En uno de los últimos checkpoints, un soldado se fija en los colores ucranianos y el “Ralief Support” de nuestro parabrisas. Nos despide con la mano en el corazón y se inclina en señal sincera de agradecimiento.
Por fin llegamos a la frontera. Son las once de la noche. Coches, furgonetas y autobuses se apelotonan. Voluntarios de World Central Kitchen van de vehículo en vehículo anunciando que nos podemos acercar a recoger comida mientras esperamos. Acepto la oferta, pero antes de encontrar el lugar, un compañero del camión de delante me trae pan y salchichas. Hacía unos momentos habíamos bromeado por radio sobre pedir unas pizzas en la frontera previendo que íbamos a tardar en salir. No nos equivocamos. Acabaremos viendo el amanecer desde la frontera.
[photo_footer]Foto: Pau Abad, GAiN.[/photo_footer]
Pasadas las tres de la madrugada, me acerco a los servicios entre la aduana polaca y la ucraniana. Un grupo de personas refugiadas ha bajado de uno de los autobuses. Veo sobre todo mujeres y niños. El último de todos, a unos pasos de distancia de su madre, un niño de unos ocho años. Está llorando.

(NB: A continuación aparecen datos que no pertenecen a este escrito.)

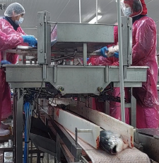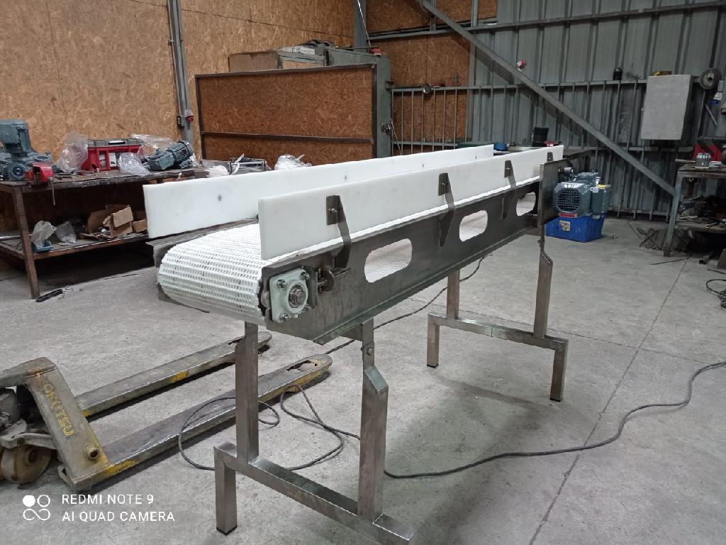 Módulo de línea de montaje para productos orientados a la pesca como lo son piezas de pescado entre otros, estructura de acero cromado y patas nivelables.

Inmediatamente discierno en su expresión que este niño no llora por quejarse ni porque su hermana le ha robado el juguete o la tablet. Tampoco llora porque su madre le haya castigado. En ese momento descubro que hay llantos y llantos. Este niño llora de miedo. Llora de frustración. Llora de impotencia por no saber ni entender lo que está pasando. Llora de pura rabia porque le ha tocado vivir a él lo que ningún niño debiera vivir.
No tengas miedo ni sientas pánico frente a ellos, porque el Señor tu Dios, él mismo irá delante de ti. No te fallará ni te abandonará.